Required work: Beginning at the line containing "1994年5月1日,为响应深", repeat each line below exactly up to and including the line containing "8 шт. 2 цвета". Do not repeat the pictures.

Records to use:
——
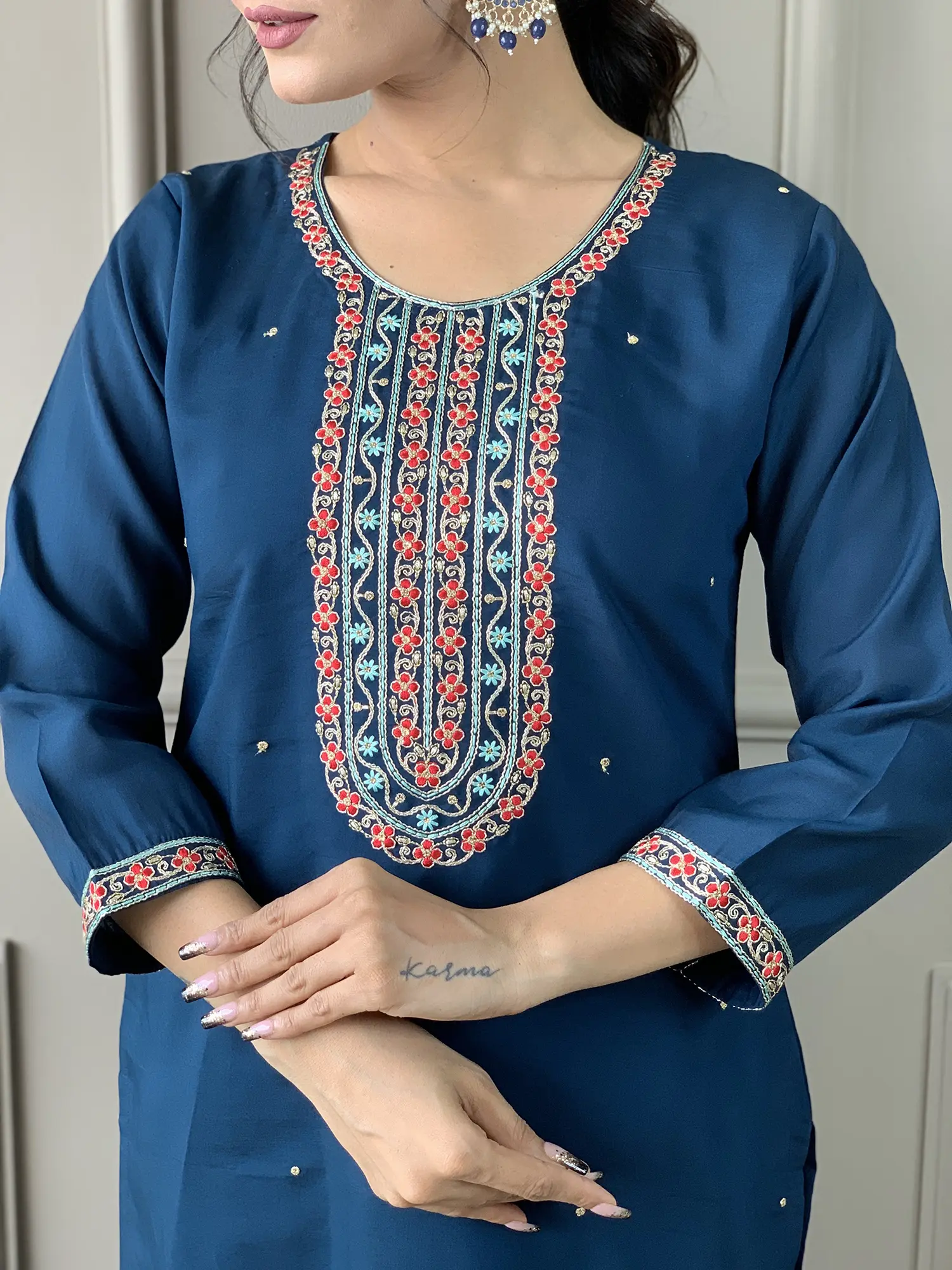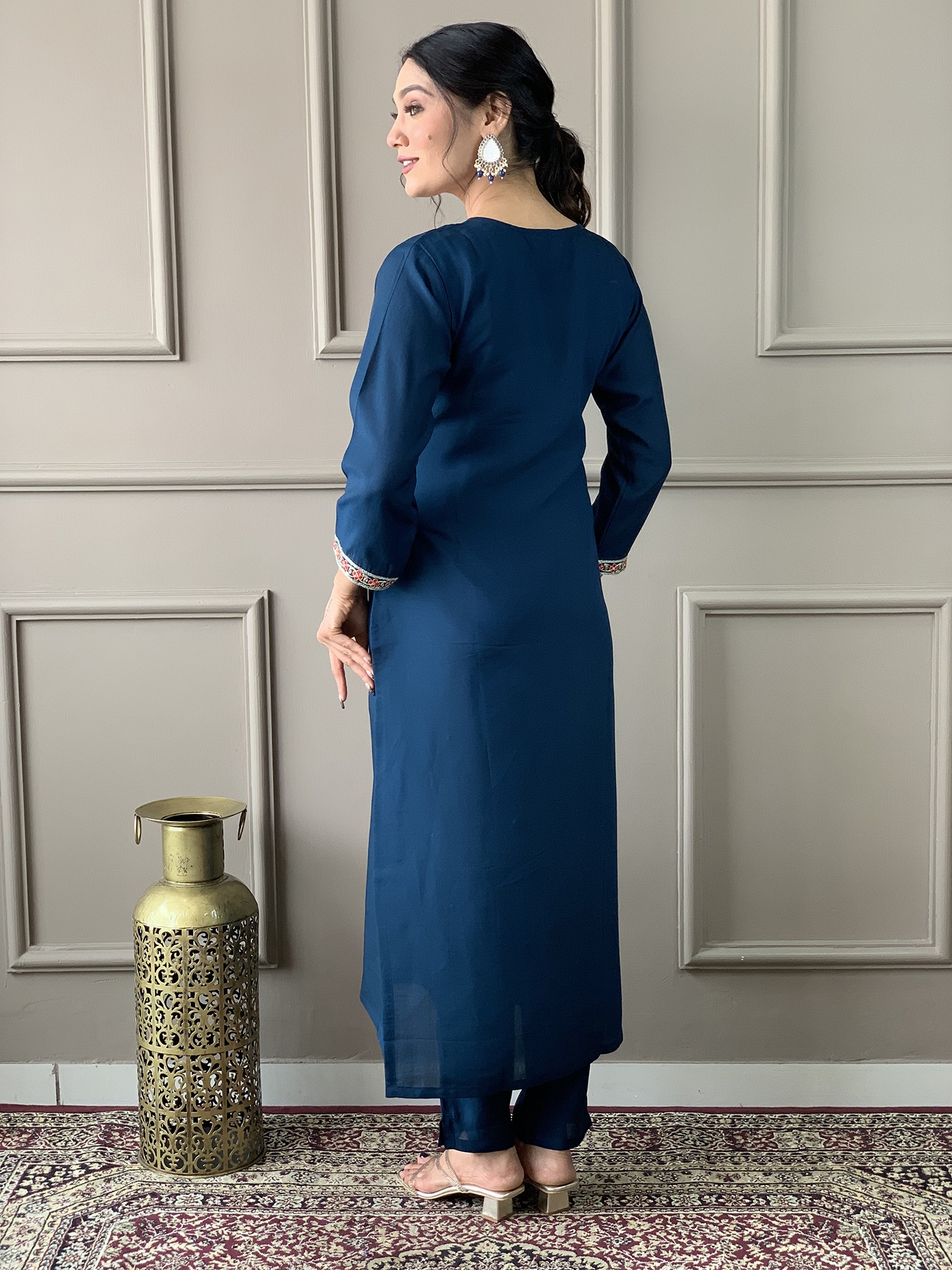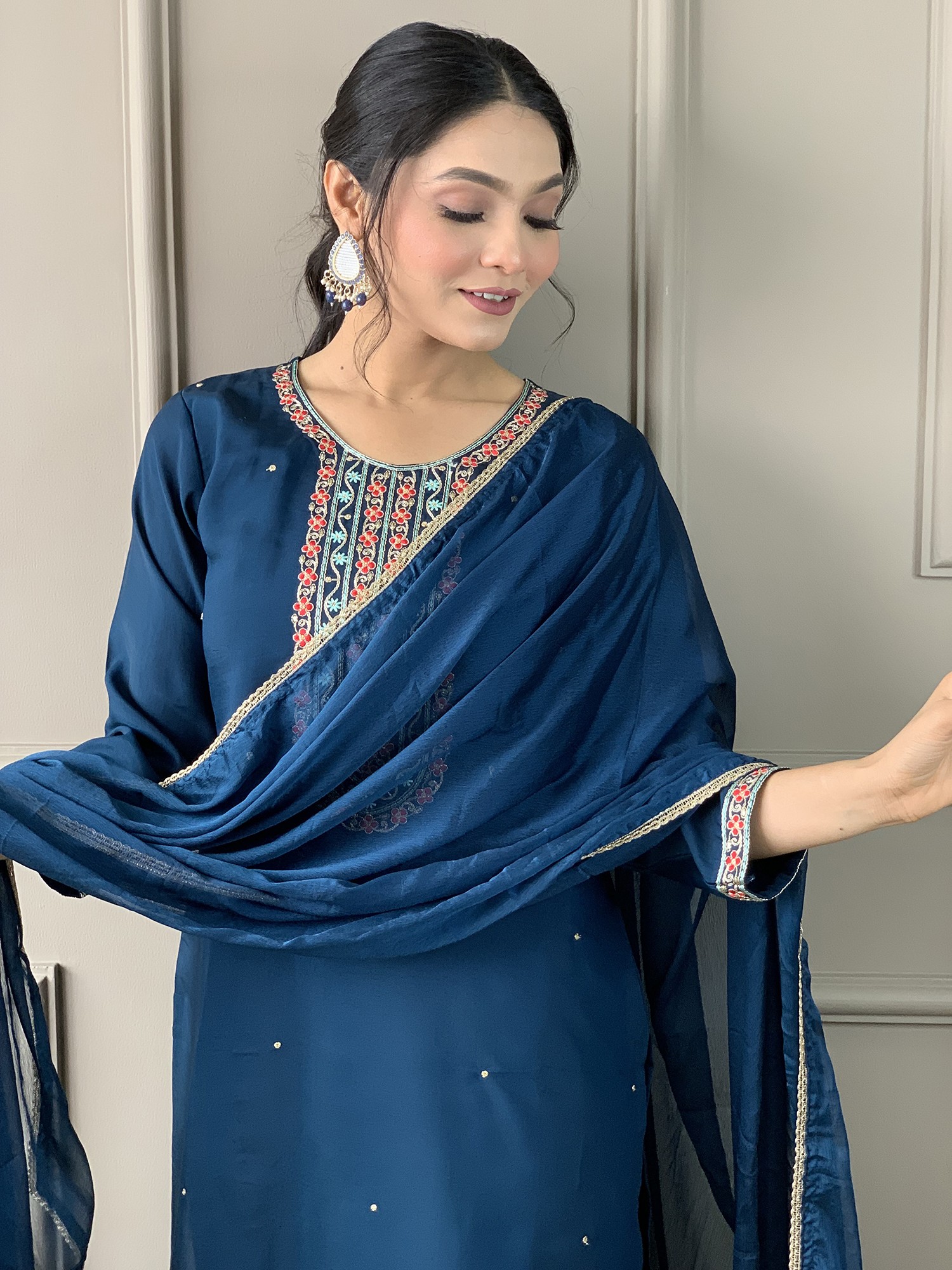 Rayon Slub Embroidery Work Straight Attractive Long Kurta Set With Matching Dupatta
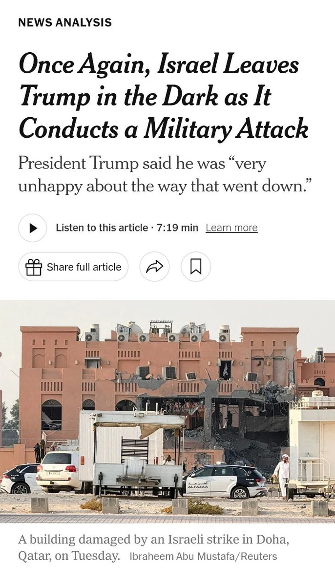 Trump may release ‘full statement’ about how he learned about attack on Qatar — NYT reports 'Very unhappy,' says after latest military move Felt ‘very badly about the location of the attack’ But adds: ‘However, eliminating Hamas, who have profited off the misery of those living in Gaza, is a WORTHY goal’
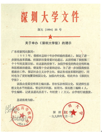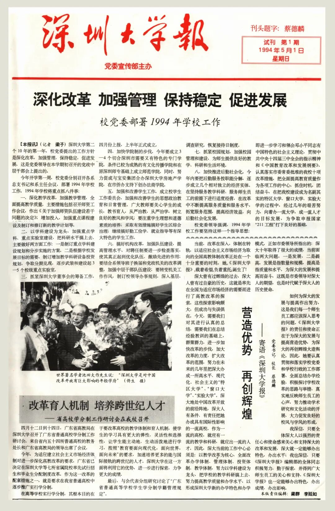 1994年5月1日,为响应深圳大学第二个十年发展目标,《深圳大学报》应运而生,承担起“为深大的发展与提高营造优势,为深大的再创辉煌大造舆论”的重大使命。学校期望《深圳大学报》要“全面总结办学经验,积极探讨学校改革的思路与举措,真实地反映师生员工的心声,努力推动学术研究和文化活动的开展,大力促发良好的校风与学风的形成”。为此,学校调动《深圳大学学生报》的学生到《深圳大学报》编辑部,风风火火地开启了老师带领学生共同创办校报的时尚先例。
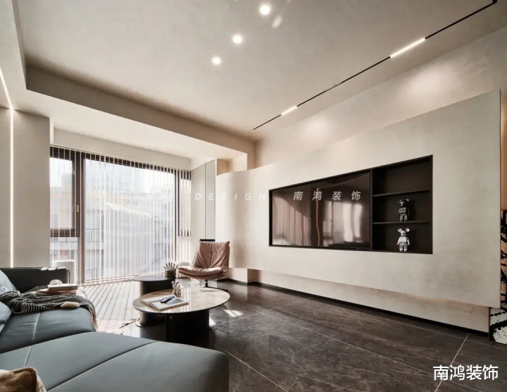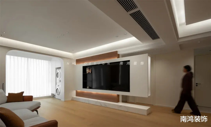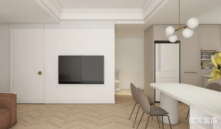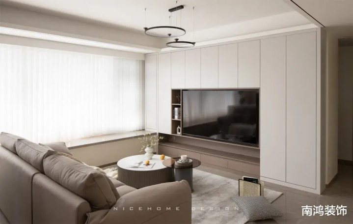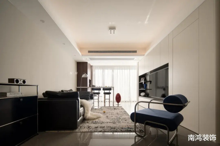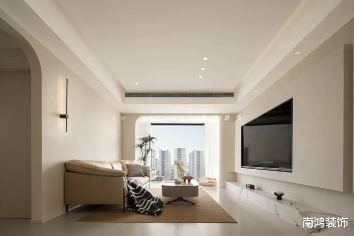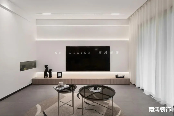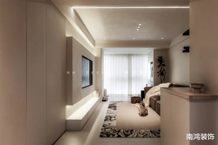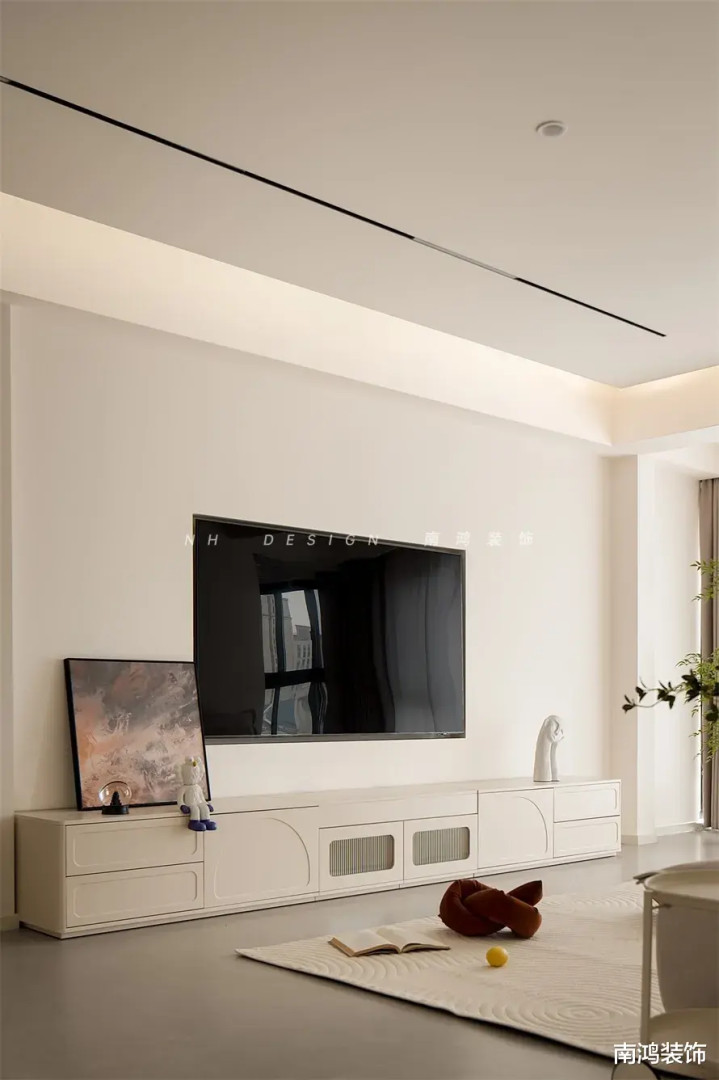 二是直接壁挂电视+去电视柜设计,彻底贯彻“少即是多”的理念。墙面仅保留必要的设备与线路隐藏处理,舍弃一切冗余装饰,不仅视觉上清爽开阔,也便于日常清洁打理。
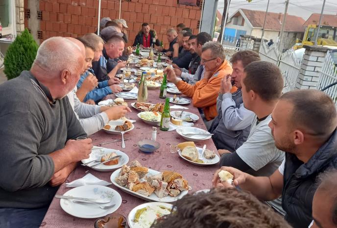 Oni su se dogovorili da prikupe novac, kupe prase i piće i svi zajedno ručaju. Za pripremu je bila zadužena porodica Stojanović.
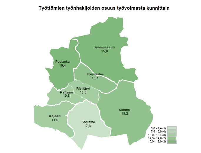 Työttömyysaste oli Kainuussa kuun lopussa 11,6 %, alueista kahdeksanneksi vähiten ja 1,1 prosenttiyksikköä enemmän kuin vuotta aiemmin. Koko maassa työttömyysaste oli 11,8 %, mikä on 1,1 prosenttiyksikköä vuoden takaista enemmän.
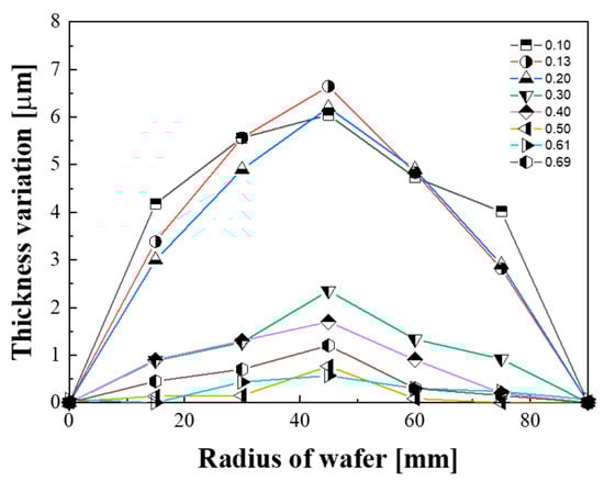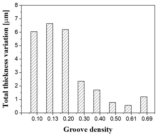 The change in the film thickness caused by groove density variation also affected the flatness (i.e., the TTV) of the substrate after lapping. As shown in Figure 12, when the groove density was less than 0.30, the TTV of the substrate was approximately 6 μm; conversely, when the groove density was greater than 0.30, it presented small values (from 1 to 2 μm). In the lapping process, the flatness of the substrate is mainly determined by the shape of the platen [33,34,35]. In this study, the shape of the platen was machined equally at all groove densities via a facing process. However, as shown in Figure 13, the flatness of the substrate presented different characteristics depending on the groove density. When the groove density was less than 0.30, the shape of the substrate was convex, with the largest thickness deviation located at the center of the substrate. The edge effect that the edge thickness of the substrate becomes thinner is a very important factor because it is related to the yield in the semiconductor manufacturing process [36]. When the groove density is less than 0.30, the edge effect occurs and the flatness of the substrate is deteriorated.
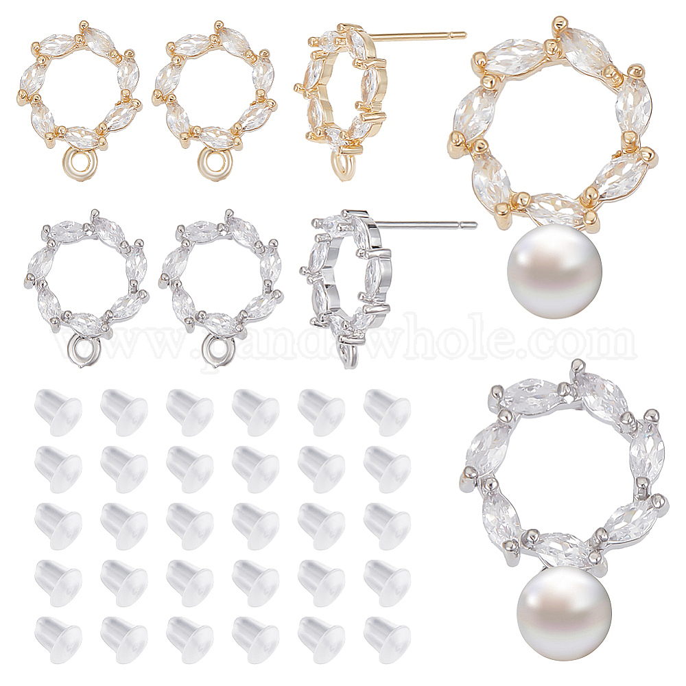 8 шт. 2 цвета пончик форма латунный кубический цирконий серьги-гвоздики фурнитура, со булавками из стерлингового серебра, горизонтальной петлей и 30 пластиковыми ушками для ушей
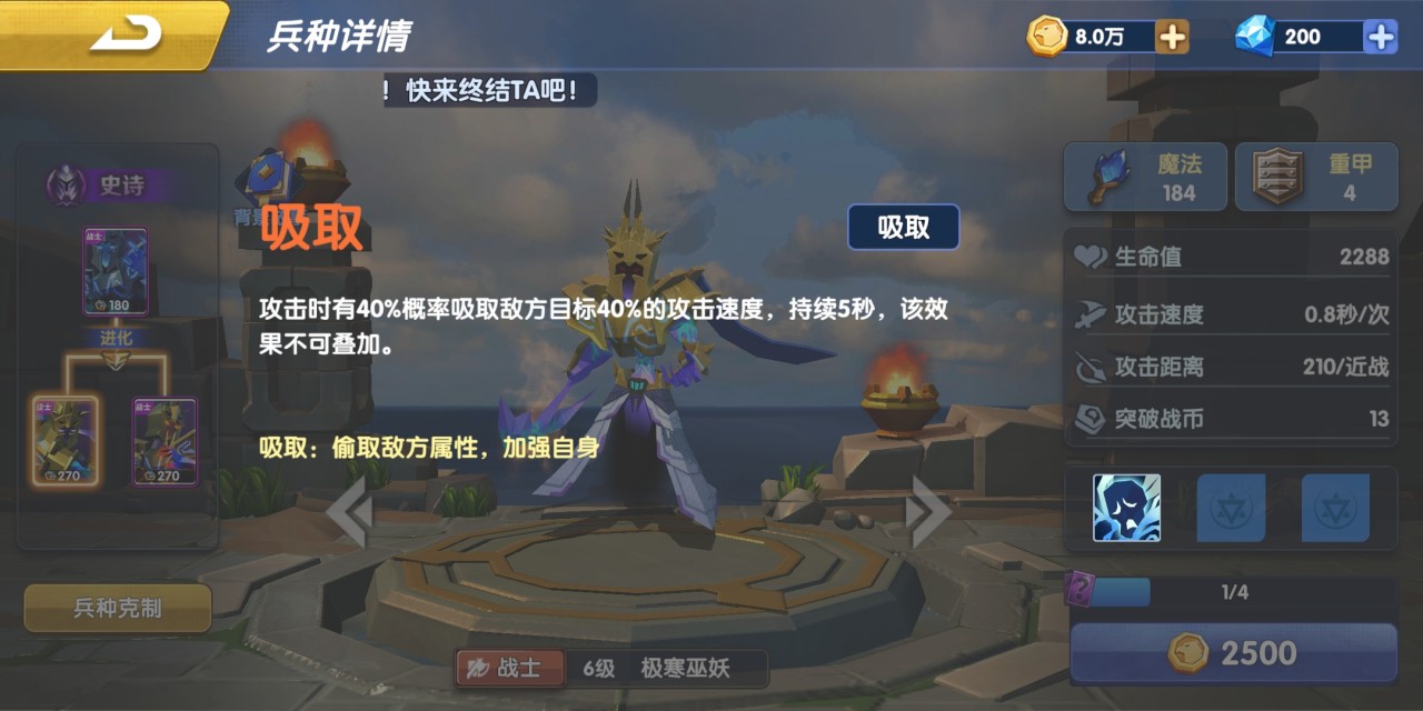 首先需要注意,法术伤害克制重甲,物理伤害克制轻甲,而在备选卡牌中只有雄鸡战士、巫妖是法术伤害。此外雄鸡战士攻击速度过于缓慢,因此建议选择极寒巫妖,被动技能吸取能在攻击时有40%概率吸取敌方40%攻击速度。
——
Answer to this exercise:
 1994年5月1日,为响应深圳大学第二个十年发展目标,《深圳大学报》应运而生,承担起“为深大的发展与提高营造优势,为深大的再创辉煌大造舆论”的重大使命。学校期望《深圳大学报》要“全面总结办学经验,积极探讨学校改革的思路与举措,真实地反映师生员工的心声,努力推动学术研究和文化活动的开展,大力促发良好的校风与学风的形成”。为此,学校调动《深圳大学学生报》的学生到《深圳大学报》编辑部,风风火火地开启了老师带领学生共同创办校报的时尚先例。
 二是直接壁挂电视+去电视柜设计,彻底贯彻“少即是多”的理念。墙面仅保留必要的设备与线路隐藏处理,舍弃一切冗余装饰,不仅视觉上清爽开阔,也便于日常清洁打理。
 Oni su se dogovorili da prikupe novac, kupe prase i piće i svi zajedno ručaju. Za pripremu je bila zadužena porodica Stojanović.
 Työttömyysaste oli Kainuussa kuun lopussa 11,6 %, alueista kahdeksanneksi vähiten ja 1,1 prosenttiyksikköä enemmän kuin vuotta aiemmin. Koko maassa työttömyysaste oli 11,8 %, mikä on 1,1 prosenttiyksikköä vuoden takaista enemmän.
 The change in the film thickness caused by groove density variation also affected the flatness (i.e., the TTV) of the substrate after lapping. As shown in Figure 12, when the groove density was less than 0.30, the TTV of the substrate was approximately 6 μm; conversely, when the groove density was greater than 0.30, it presented small values (from 1 to 2 μm). In the lapping process, the flatness of the substrate is mainly determined by the shape of the platen [33,34,35]. In this study, the shape of the platen was machined equally at all groove densities via a facing process. However, as shown in Figure 13, the flatness of the substrate presented different characteristics depending on the groove density. When the groove density was less than 0.30, the shape of the substrate was convex, with the largest thickness deviation located at the center of the substrate. The edge effect that the edge thickness of the substrate becomes thinner is a very important factor because it is related to the yield in the semiconductor manufacturing process [36]. When the groove density is less than 0.30, the edge effect occurs and the flatness of the substrate is deteriorated.
 8 шт. 2 цвета пончик форма латунный кубический цирконий серьги-гвоздики фурнитура, со булавками из стерлингового серебра, горизонтальной петлей и 30 пластиковыми ушками для ушей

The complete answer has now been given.